We see this as an opportunity to expand in key markets—more of these large tourist locations. Chris mentioned that it would be at our ICON store, but this is a test and learn, and absolutely something we want to roll out. Chris, I do not know if you want to add any additional color to that.

Christopher Hurt: Yes. FAO Schwarz has been an important brand area for us, as we have been able to, as Sharon said, expand that location and, most recently, update the look of that store by adding the personalization of embroidery there. We also are able to do heat transfer to T-shirts to be able to provide an even more personalized experience in that location. As we said, this will provide us an opportunity to understand how we can incorporate that into more stores across our entire fleet, and in the ICON Park store we will have an even more robust personalization and customization design shop where people can make a one-of-a-kind furry friend.

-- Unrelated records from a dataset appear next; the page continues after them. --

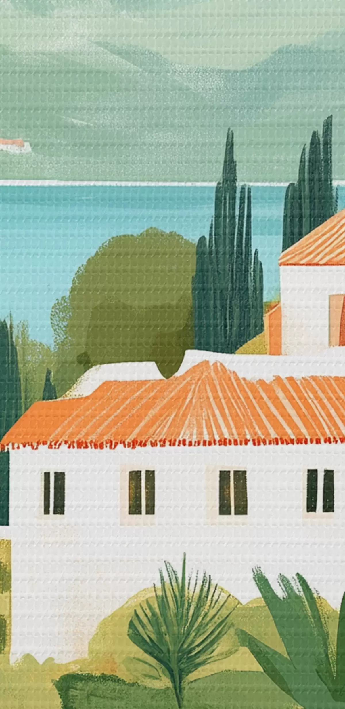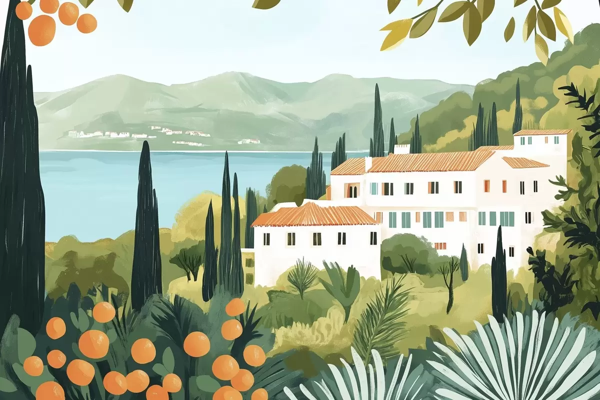 murales Paisajes mediterráneos con naranjos y casas, costa del mar s44027
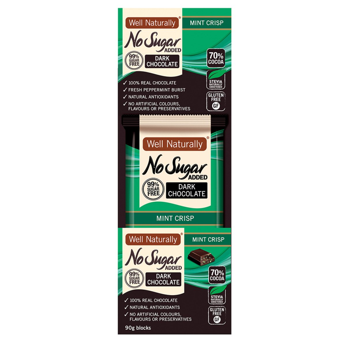 Well Naturally No Added Sugar Block Dark Chocolate Mint Crisp 90g x 12 Display
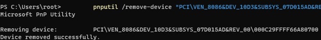 pnputil /remove-device "PCI\VEN_8086&DEV_10D3&SUBSYS_07D015AD&REV_00\000C29FFFF66A80700"
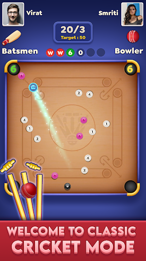 Play Cricket in Carrom - New Carrom 3D board game - disc pool game.
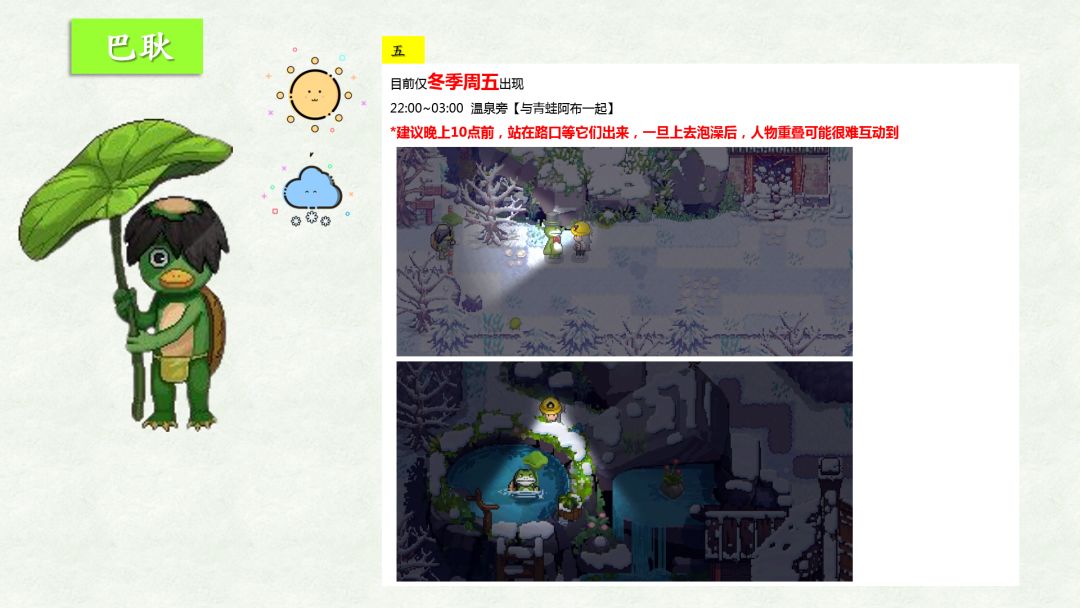 ⚉20/12/2019 看了官方发布的视频,后续估计会加入节日或者其他玩法,故NPC行程会一直被官方修改。因此,等完善了我再更 或者 我勤劳了再更新此贴。
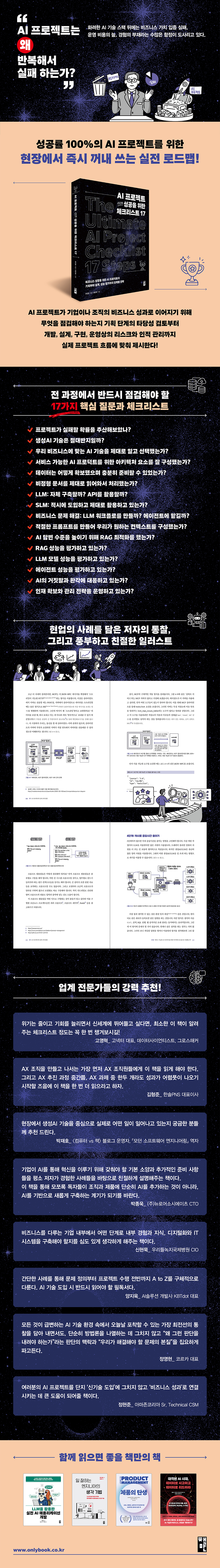이 책은 AI 프로젝트가 왜 반복해서 실패하는지에 대한 물음으로 출발해, 기획 단계의 타당성 검토부터 개발, 설계, 구현, 운영상의 리스크 관리까지 전 과정에서 반드시 점검해야 할 17가지 핵심 질문과 체크리스트를 실제 프로젝트 흐름에 맞춰 제시한다.
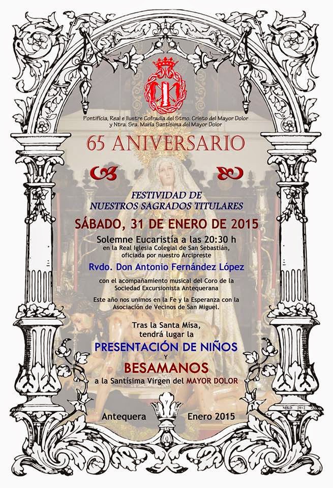 La Cofradía del Mayor Dolor de Antequera inicia su 65 Aniversario coincidiendo con la Festividad de sus Sagrados Titulares. Una celebración que tendrá lugar este próximo sábado 31 de Enero a partir de las 20.30 horas.
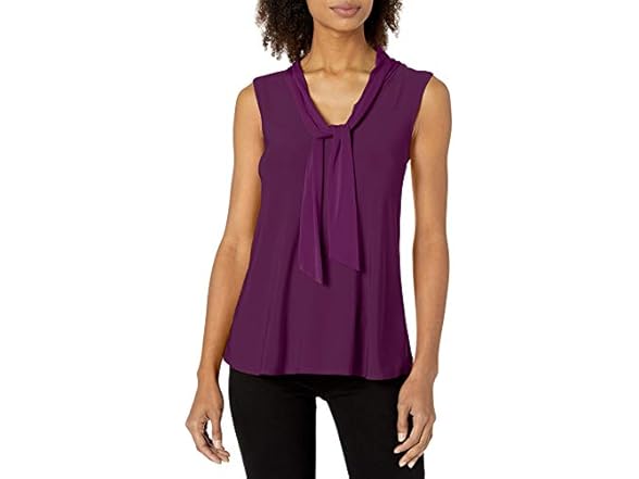 Star Vixen Women's Sleeveless Tieneck Blouse, Plum, L
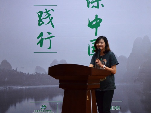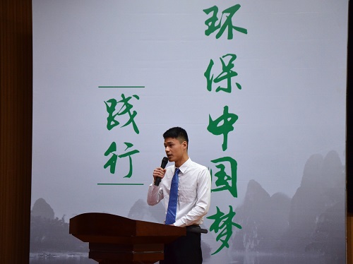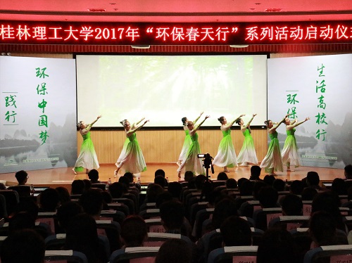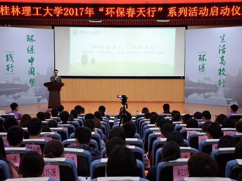 恰逢第48个世界地球日之际,4月22日上午,beat365手机版官网入口2017年“环保春天行”系列活动在雁山校区图书馆报告厅正式启动。出席启动仪式的领导和嘉宾有学校副校长王敦球教授、校团委书记周国桥、环境学院党委书记王璐、副院长游少鸿、李艳红、党委副书记郝文佳以及环保创客联盟项目代表何艾莉女士与李文亮先生,部分教师与学生代表也共同参与了本次活动。

Eric Beder: Great. Voin, could you talk a little bit about the inventory? I know that the tariffs are going to kind of skew the inventory flows, but how should we be thinking about inventory flows going forward for the rest of 2026?

Voin Todorovic: Yes. Our inventory finished the year a little bit more elevated compared to last year. As I mentioned, a portion of that reflects the tariff cost, and, as a reminder, the tariffs were at a much higher level. We also plan to open at least 50 new locations this year. As we are growing in different business channels, the flow of that inventory may be different than what we have had in the past, just managing more of our direct-to-consumer piece. We are diligent in managing our inventory and our expenses. We will continue to adjust, and at the same time, we are keeping our options open because there is a lot of uncertainty around tariffs and tariff rates, and we are choosing to pull or push inventory to mitigate some of those things that are outside of our control.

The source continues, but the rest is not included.